See, when it comes to Strongman, Matt is a competitor rather than a participant. There’s a difference. NOW, if they happened to be the Dinnie Stones then that may be a different story. He’d train (anyone who know’s Matt know’s his grip is probably his achilles heel) for it, hard. And then give it a go. Because sometimes the payout is satisfaction that you gave something difficult a go and maybe found success or maybe didn’t. But to participate in it is good for the soul.

However, when it comes to competition, it’s a different mindset. Competitors train hard for an event or a season of events. Because they want to win. The risk of a torn bicep must be accepted if the Strongman show you’re competing in has a tire flip. The risk for participants? Too high. Silly really. Now, are tire flips silly for fitness enthusiasts? Yes. Very. But I get that it’s fun and different and gives us that ‘badass’ feeling I guess. Dunno. I don’t go for “badass” feeling in the gym. In fact, I think I’m only squatting 50kg today, I’ll have to look. Rarely is recovery/off-season training badass. I’ll save that for the field. Where I compete.

But my first Highlander and Highland Games? I was a participant. I had no idea what I was doing and if not for the help of Ms. Brittney Belle down in Texas and Erin (now) Valenti here in ‘Sconsin, I’d have participated even more poorly than I did (I nearly fell on my arse with the Heavy Weight, I consider that recovery a PR.) When I decided I’d kinda like to do well in this fringe sport, I started working on it but still would consider my first season as participating rather than competing. Success found was spotty and inconsistent, much like my current hammers. But they’re coming.

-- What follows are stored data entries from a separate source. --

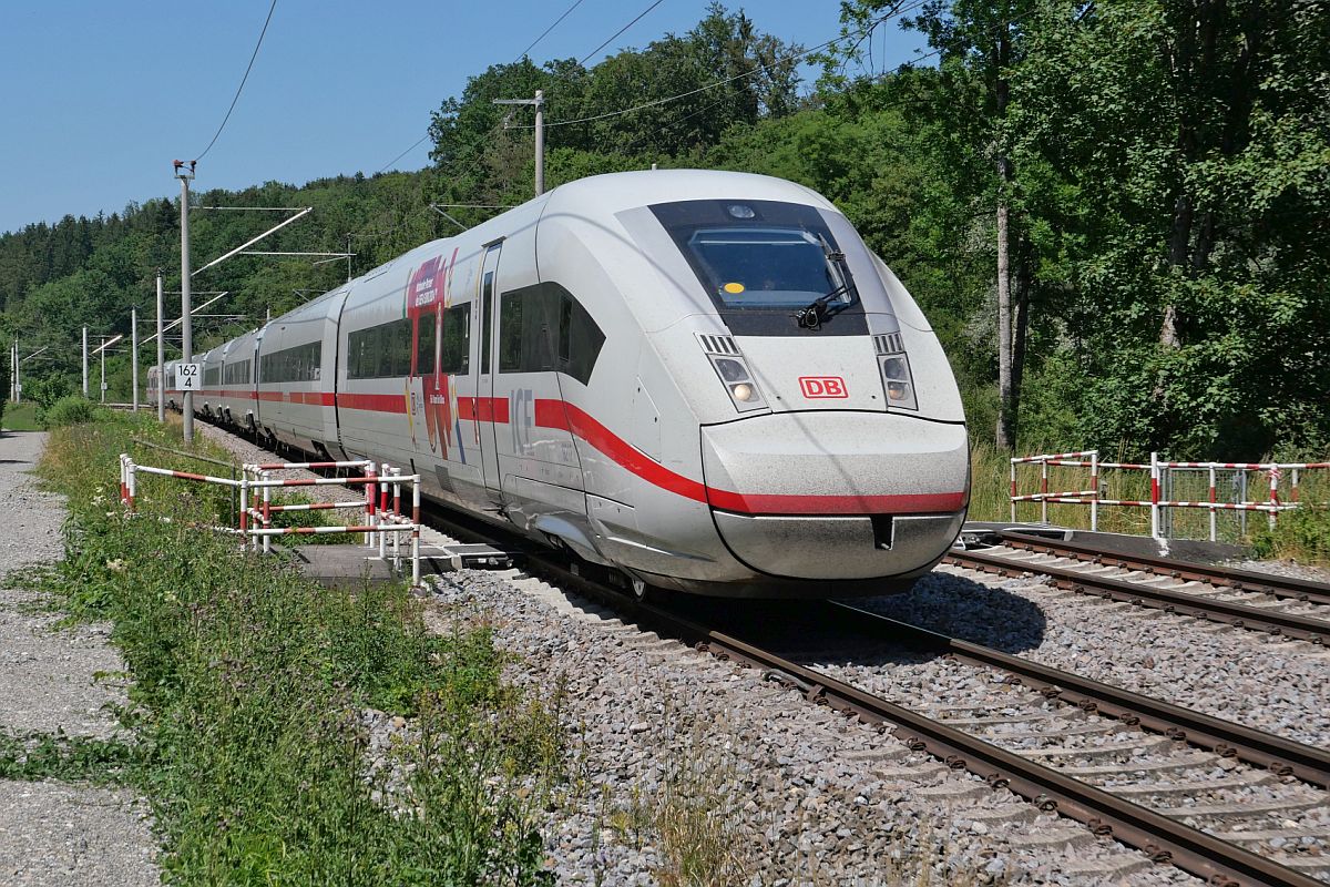 Kurz vor der Durchfahrt des Bahnhofs von Aulendorf befindet 812 203-4 als ICE 118, Innsbruck - Dortmund, am 25.06.2023 im Schussentobel bei Kilometer 159.2 Jürgen Vos
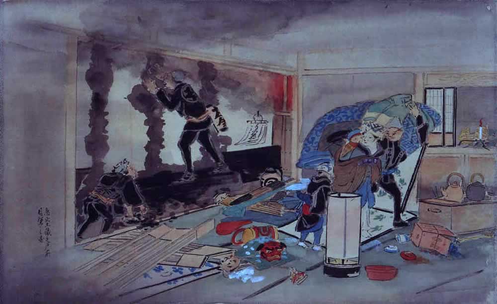 "江戸乃華"下巻の終りの2点は,火事もようやく収まった頃の様子を画いたもので,全21点は火事を発見して知らせる絵に始まる,江戸の火事の様子を一連の絵物語風に画いた作品である。この絵は,火事が収まり,焼跡の始末を始めたことを画いたもので,点々と見える札は〝消口〟をとった組の名を記した札で,鳶の者たちが早速板囲いや跡かたづけに精を出している様子が克明に画かれている。この絵のように,当時の火消たちは火を消すだけでなく,鎮火後も火事場の跡かたづけに働いたことがよくわかる。
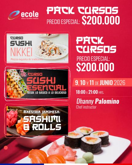 * De no poder asistir, se debe dar aviso con 10 días hábiles de anticipación a cursos@escuelaculinaria.cl. Si no se da aviso con esta anticipación, se dará por utilizada.
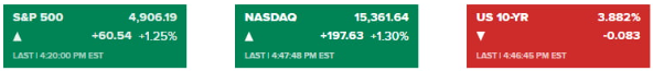 1일(미 동부시간) 뉴욕 증시는 오전과 오후 장이 확연히 달랐습니다. 오전까지는 어제 연방공개시장위원회(FOMC) 휴유증과 이어진 지역은행 불안감 등이 분위기를 주도했습니다. 금리는 급락했고 주가는 반등했지만, 전날 내림세에 비하면 크진 않았습니다. 하지만 오후 들어 투자자들은 다시 자신감을 찾았습니다. 실저 발표를 앞둔 애플, 아마존, 메타에 대한 기대가 점점 커진데다 이스라엘-하마스 휴전이 진전되고 있다는 소식이 나왔습니다. 그리고 장 마감 뒤 애플과 아마존, 메타는 월가 추정을 넘는 실적을 발표했습니다.
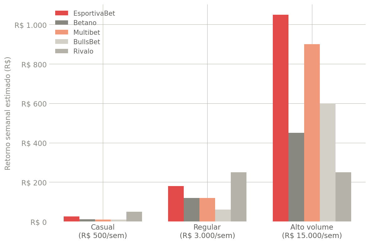 A equipe Legalbet analisou 58 promoções de cashback cassino em 30 operadores licenciados pela SPA/MF. Os 5 selecionados combinam percentual alto, teto elevado e condições transparentes nos T&C. Abaixo, a mecânica de cada oferta, tabelas de faixas e dados do ReclameAqui.

And through hard work and great coaching, I was able to become a competitor. My risk to reward of tight muscles; seized up spinal erectors; added weight cuz I wasn’t focused on it; sore feet and right hand; and just god-awful tired was high. Go for it. My predictions?

compete1

And it’s worth it. For me. It’s still not as demanding as many sports out there including Weightlifting which I’ll still practice, why not? It’s fun and I’m the tosabarbell invitational world champion and will probably remain so, I should buy myself a trophy.

But in general, I wish more people would ask what the payout is for participating in events. Why are you driving your body into the ground day after day, specializing in one form of training while leaving other very ‘high reward’ training options by the wayside? COUGH*runners*COUGH. Why is it acceptable to tweak or outright hurt yourself in the gym just because someone has talked you into the fact that it’s badass? Being hurt isn’t badass. Not being able to train isn’t badass.

Srsly.

Are you a competitor or a participant? There is nothing wrong with being a participant. Lots of new events (Spartan races, color runs, mud runs that have you leaping into mud water with bacteria in it) have gotten people off the couch and into the gym or at least off the couch. That’s a good thing. The payout is being (hopefully) a little healthier than before. But before you decide that knee’s you can’t walk on; torn apart hands; injured backs from crappy deadlift training is a “price you’ll pay” you better know just how much you’ll get paid. Cuz Ortho Surgeons like their vacations and you’ll be funding them. True story, I’m sure Matt’s ortho misses him. Poor guy.

But today, I’ve decided to take a risk, and wear a new sweater. It was sent to me by a recovering sex addict, Melissa D., who knitted it herself , she said it gave her something to do with her hands.